The core abstraction for event sources is the EventSource trait. This trait standardizes the interface and lifecycle management for all event sources in the framework. Implementations must provide:

  • name(): Returns a unique, stable name for the event source.
  • capabilities(): Returns the static set of capabilities supported by the source.
  • start(): Begins event collection, sending events through a provided channel until a shutdown signal is received.
  • stop(): Signals the source to stop collecting events and performs cleanup.
  • health_check(): Optionally provides health status for the source (default is always healthy).

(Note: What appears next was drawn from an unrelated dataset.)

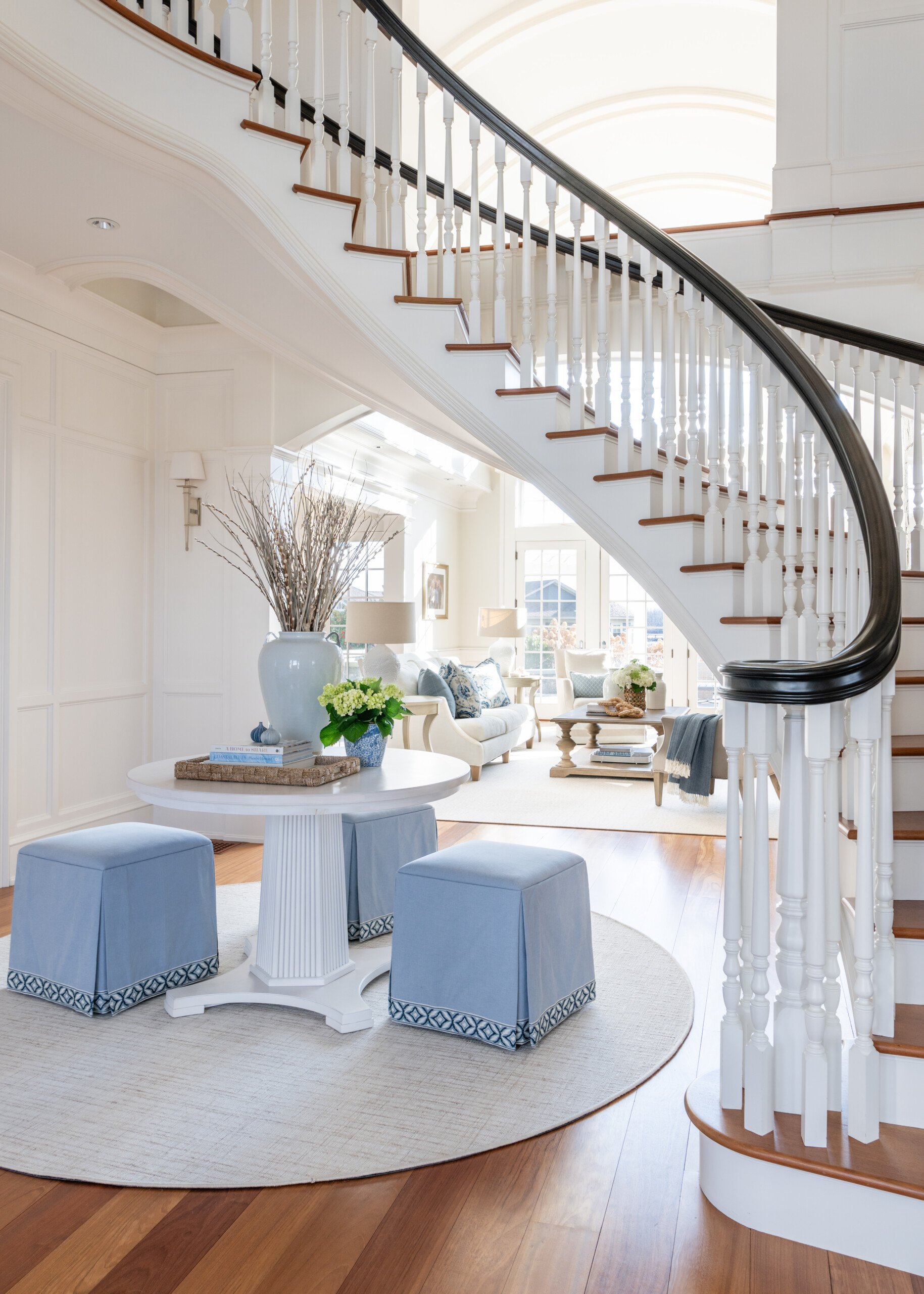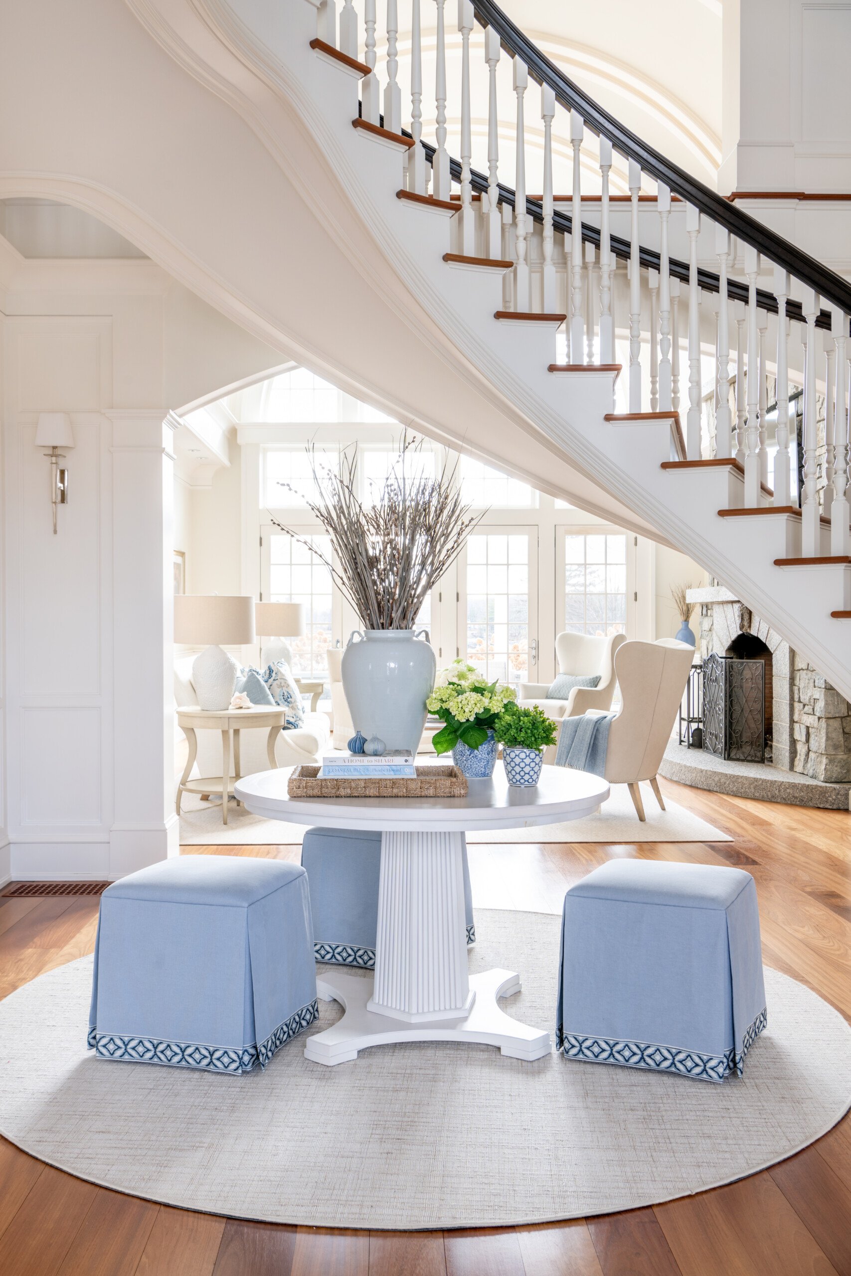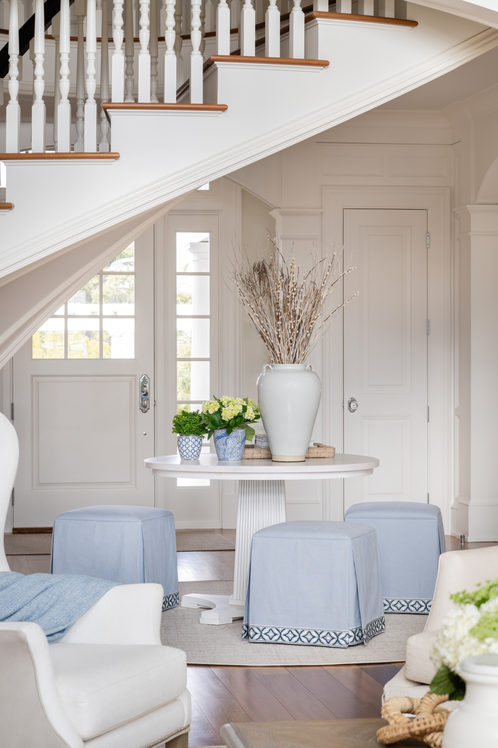 The stunning architectural details of this home’s entrance called for a classic design. Following the lines of the curved staircase, a large, round pedestal table was placed in the center atop a custom silk and wool round rug in neutral tones. Cubed custom ottomans in a soft blue with tape detailing provide a place to sit when removing one’s shoes and also serve as additional seating in the adjacent great room. Herringbone cushions with contrast white welt were added to the window seats along the twin hallways. Runners in the same pattern as the round rug were added to ground the space. The floral-and-plaid-patterned pillows with fun, fringe detailing add a much-needed pop of color and coordinate with the ottomans. It’s the perfect spot for guests to sit when entertaining or for curling up with a good book. Lastly, marsh grasses, fresh greens and a woven tray atop the pedestal table were added to reflect the home’s coastal location.

The lifecycle of an event source follows these phases:

  1. Registration: The event source is registered with a Collector.
  2. Capability Negotiation: The collector queries the source's capabilities.
  3. Startup: The collector calls start(), passing an event channel and shutdown signal.
  4. Operation: The source emits events through the channel.
  5. Shutdown: The collector calls stop() for graceful cleanup.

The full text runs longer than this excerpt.